What needs to be done
Using the entries that follow, transcribe only the lines from the line with "Compared to the" to the line with "2、AD-EX-3机制应对:先锋朝左回费", both included, exactly as they stand and without pictures.

Dataset excerpts
▬▬▬
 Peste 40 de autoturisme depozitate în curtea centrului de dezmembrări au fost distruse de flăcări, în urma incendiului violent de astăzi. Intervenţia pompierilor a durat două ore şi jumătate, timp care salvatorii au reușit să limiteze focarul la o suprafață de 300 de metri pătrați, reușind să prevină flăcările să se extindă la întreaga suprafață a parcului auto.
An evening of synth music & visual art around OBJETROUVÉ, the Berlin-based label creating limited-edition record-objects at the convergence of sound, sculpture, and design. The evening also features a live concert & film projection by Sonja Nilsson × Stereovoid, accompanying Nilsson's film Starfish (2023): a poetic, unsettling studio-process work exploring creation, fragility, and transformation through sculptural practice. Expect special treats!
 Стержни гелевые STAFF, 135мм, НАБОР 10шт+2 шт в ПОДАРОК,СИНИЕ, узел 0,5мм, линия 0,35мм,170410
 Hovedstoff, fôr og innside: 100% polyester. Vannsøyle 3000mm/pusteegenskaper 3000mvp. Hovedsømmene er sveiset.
▬▬▬
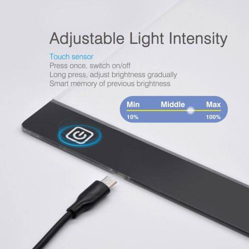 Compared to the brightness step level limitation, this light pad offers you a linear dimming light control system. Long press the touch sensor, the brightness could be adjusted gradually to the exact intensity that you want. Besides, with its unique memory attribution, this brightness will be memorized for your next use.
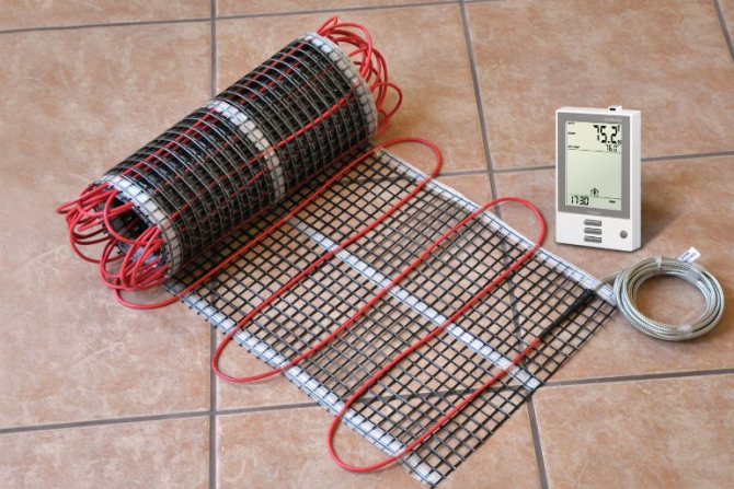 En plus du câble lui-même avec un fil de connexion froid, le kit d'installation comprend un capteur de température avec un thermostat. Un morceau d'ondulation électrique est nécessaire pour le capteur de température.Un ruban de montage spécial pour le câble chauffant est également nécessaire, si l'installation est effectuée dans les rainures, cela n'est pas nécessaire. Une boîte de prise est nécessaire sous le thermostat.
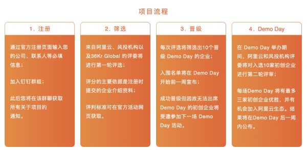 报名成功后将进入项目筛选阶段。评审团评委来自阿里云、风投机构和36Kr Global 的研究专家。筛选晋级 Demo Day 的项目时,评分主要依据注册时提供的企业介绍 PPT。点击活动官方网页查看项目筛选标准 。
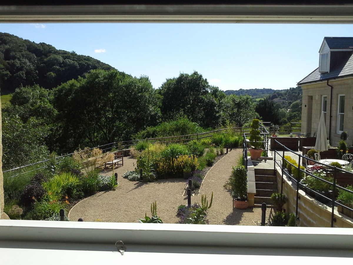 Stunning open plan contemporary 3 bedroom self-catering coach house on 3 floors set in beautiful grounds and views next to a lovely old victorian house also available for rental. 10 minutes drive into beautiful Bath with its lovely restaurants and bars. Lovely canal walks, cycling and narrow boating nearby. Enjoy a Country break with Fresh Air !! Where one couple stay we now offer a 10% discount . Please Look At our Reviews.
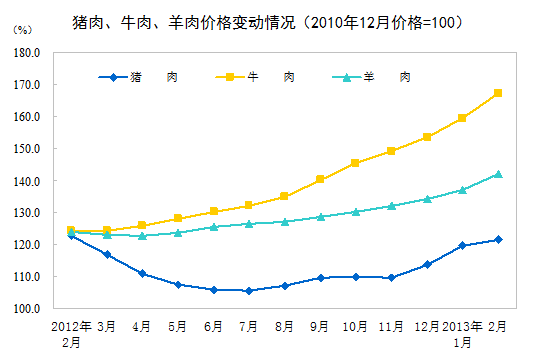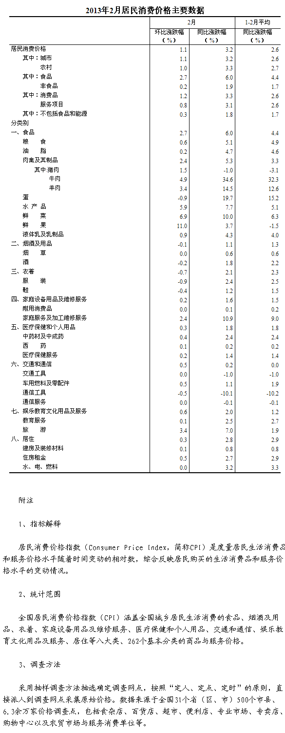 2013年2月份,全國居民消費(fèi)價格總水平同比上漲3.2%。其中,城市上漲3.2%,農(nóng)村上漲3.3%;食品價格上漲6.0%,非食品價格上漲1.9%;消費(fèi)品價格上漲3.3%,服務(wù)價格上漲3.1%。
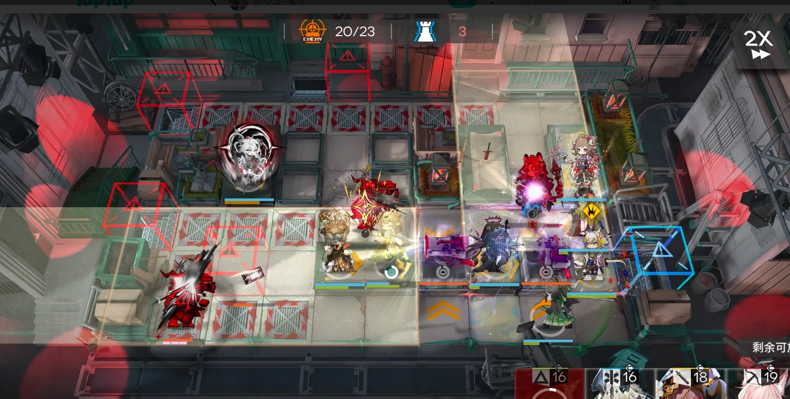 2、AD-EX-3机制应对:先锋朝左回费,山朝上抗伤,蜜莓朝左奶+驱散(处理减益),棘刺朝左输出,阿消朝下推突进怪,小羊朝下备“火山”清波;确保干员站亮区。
▬▬▬
Written response
 Compared to the brightness step level limitation, this light pad offers you a linear dimming light control system. Long press the touch sensor, the brightness could be adjusted gradually to the exact intensity that you want. Besides, with its unique memory attribution, this brightness will be memorized for your next use.
 En plus du câble lui-même avec un fil de connexion froid, le kit d'installation comprend un capteur de température avec un thermostat. Un morceau d'ondulation électrique est nécessaire pour le capteur de température.Un ruban de montage spécial pour le câble chauffant est également nécessaire, si l'installation est effectuée dans les rainures, cela n'est pas nécessaire. Une boîte de prise est nécessaire sous le thermostat.
 报名成功后将进入项目筛选阶段。评审团评委来自阿里云、风投机构和36Kr Global 的研究专家。筛选晋级 Demo Day 的项目时,评分主要依据注册时提供的企业介绍 PPT。点击活动官方网页查看项目筛选标准 。
 Stunning open plan contemporary 3 bedroom self-catering coach house on 3 floors set in beautiful grounds and views next to a lovely old victorian house also available for rental. 10 minutes drive into beautiful Bath with its lovely restaurants and bars. Lovely canal walks, cycling and narrow boating nearby. Enjoy a Country break with Fresh Air !! Where one couple stay we now offer a 10% discount . Please Look At our Reviews.
 2013年2月份,全國居民消費(fèi)價格總水平同比上漲3.2%。其中,城市上漲3.2%,農(nóng)村上漲3.3%;食品價格上漲6.0%,非食品價格上漲1.9%;消費(fèi)品價格上漲3.3%,服務(wù)價格上漲3.1%。
 2、AD-EX-3机制应对:先锋朝左回费,山朝上抗伤,蜜莓朝左奶+驱散(处理减益),棘刺朝左输出,阿消朝下推突进怪,小羊朝下备“火山”清波;确保干员站亮区。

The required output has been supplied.